Assessing the Profitability of LSTM Trading For Ethereum

Introduction

Within most applied dynamical systems, there often exists noise, or "random dynamics internal" to the very system itself, that contributes to the volatility of these systems over time [1]. Because the noise within a system represents the very essence of randomness itself, it is often the most noisy of dynamical systems that are the most difficult to predictively model. In finance, these dynamical systems often take the form of financial investments, such as stocks, market indices, and (recently) even cryptocurrencies. Being able to model these financial assets is crucial for investors; building a profitable portfolio necessitates being able to forecast potential reversals and continuations in the market.

Traditionally, investors "forecasted" the market using indicators, like the Exponential Moving Average (EMA), to produce signals as to when to buy, sell, or hold stakes in an asset, in the hopes that such signals were to always precede major changes in the price of that asset.

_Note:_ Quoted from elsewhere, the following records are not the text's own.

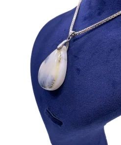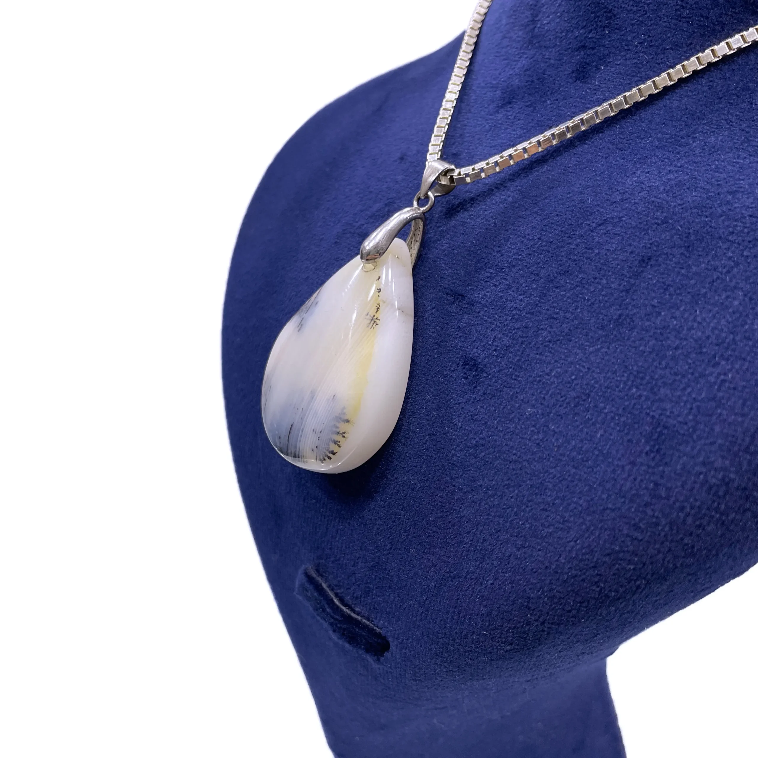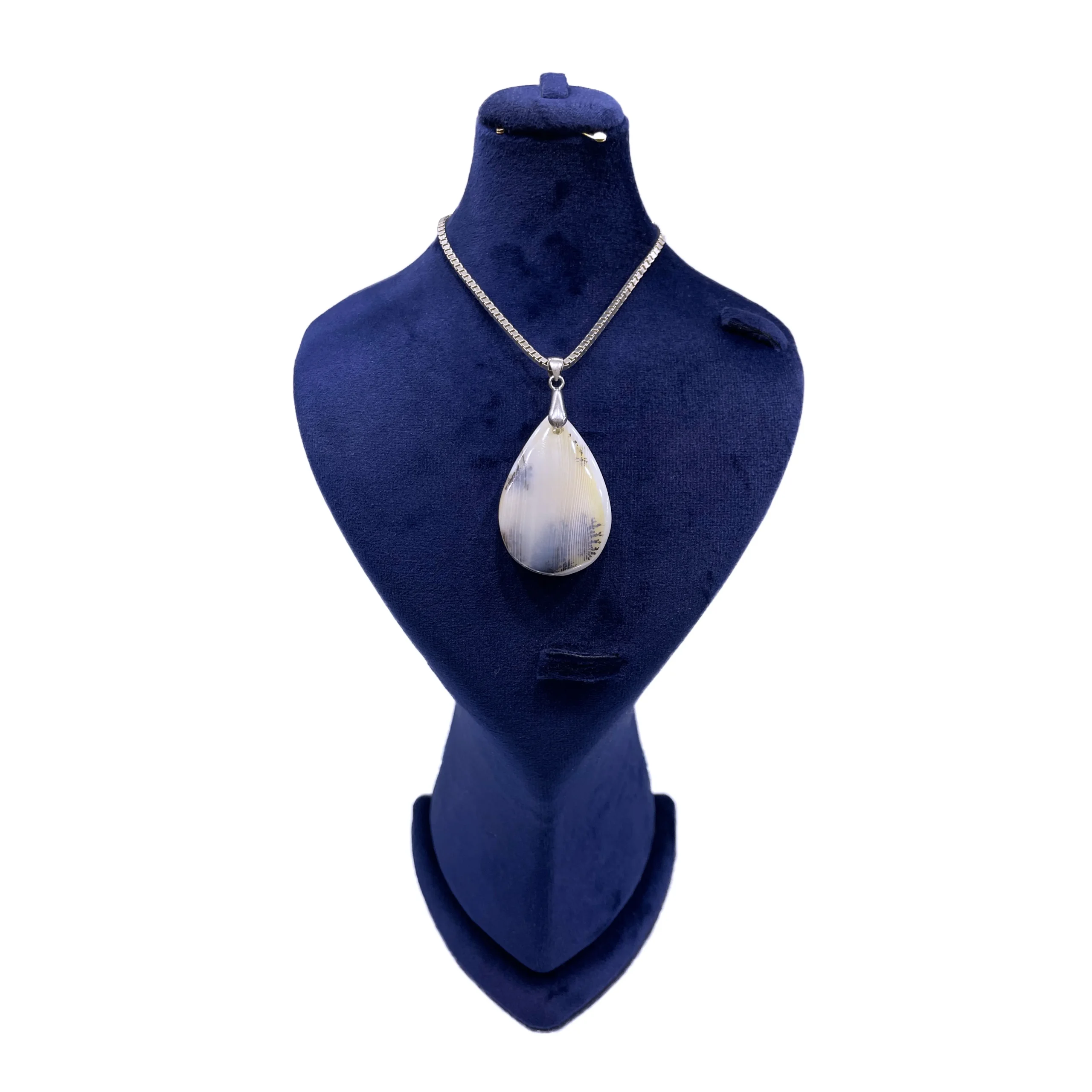 آویز نقره مردانه و زنانه با سنگ شجر تراش اشک اصل بدون زنجیر
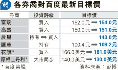 【明報專訊】港交所(0388)周三(5日)公布第三季業績,收入及其他收益和純利連續3季創出新高,績後獲多家大行上調目標價,中國銀河國際大幅上調19%至630元,為全城最牛(見表)。高盛亦將目標價上調3%至562元、維持「買入」評級,高盛報告稱,有3個因素或推動港交所上升,包括市場對於日均成交額(ADT)的共識上調、本港上市公司加快增長,以及港交所的預測市盈率倍數縮減,惟恒指及科指市盈率則上升。
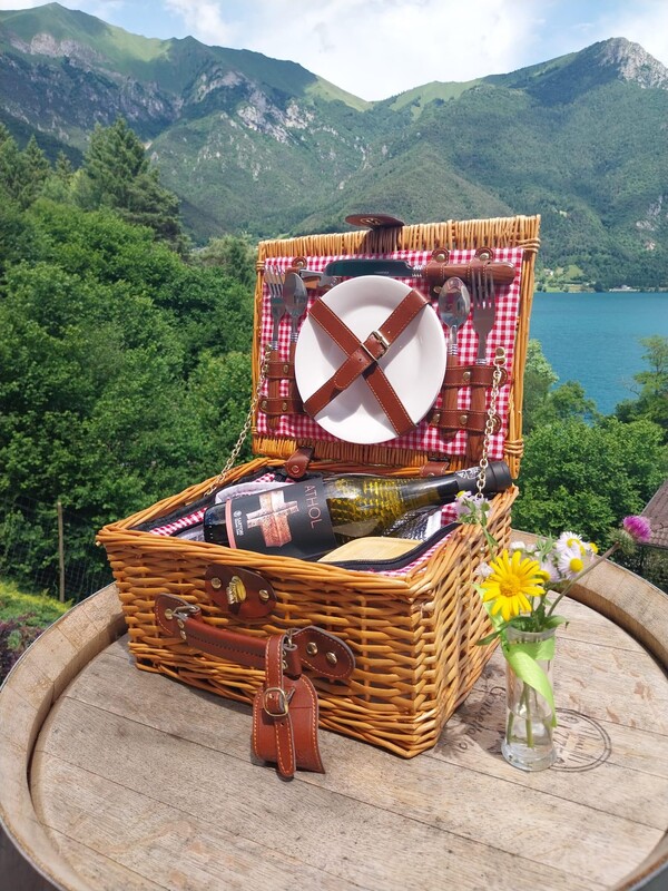 A tasty picnic in the middle of the meadow, surrounded by the rows of the vineyard on the shores of Lake Ledro.
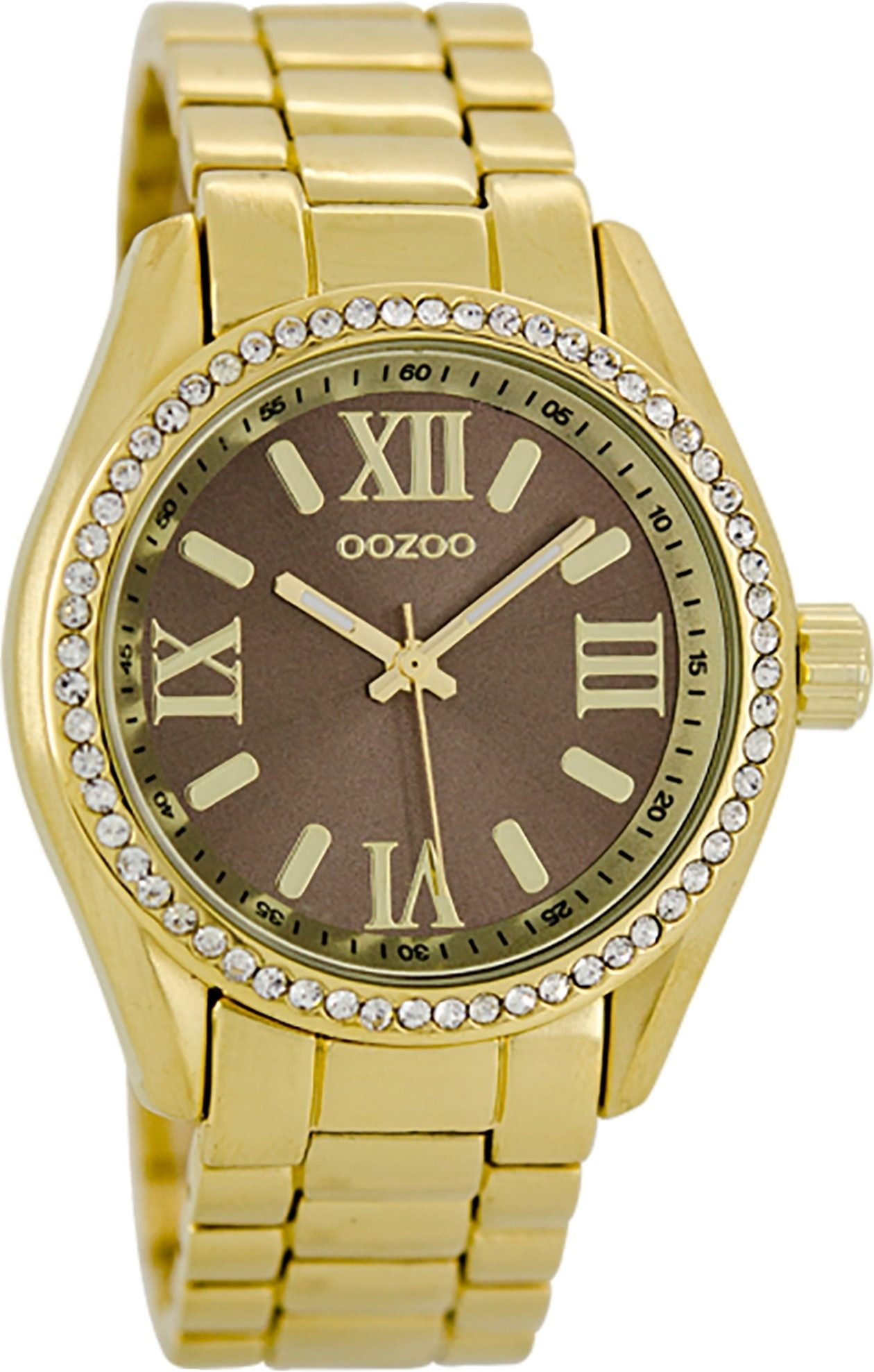 Die Fashion Uhr der Marke Oozoo hat ein schönes Armband aus Metall in gold mit Schiebeverschluss. Eine Uhr aus der Oozoo Vintage Series Kollektion für Damen Herren in der Gehäusefarbe gold mit Quarzwerk. Die Analoguhr mit Mineralglas hat ein Zifferblatt in der Farbe braun. Die Form der Uhr ist rund und das Gehäuse ist groß ca. 40mm.

However, in the past few decades, the use of linear and non-linear models, such as Deep Learning Neural Networks, has become increasingly popular, and the idea of "forecasting the market" has evolved; to be able to forecast a financial asset, today, often refers to the use of mathematical models to precisely predict the price of that asset at some point in the future, using knowledge about how that asset has behaved in the past.

The types of models that exist for such forecasting can be divided into two groups: linear and non-linear. The key advantage that non-linear models hold over the linear counterparts is that they are not reliant upon any prior assumptions about the systems they seek to model [2]; while linear models assume a normal distribution of its variables to capture any inter-linear dependencies, non-linear models do not and, therefore, are able to capture not only linear but also non-linear dependencies between variables [3]. Which group of models performs best ultimately depends on the asset itself [2].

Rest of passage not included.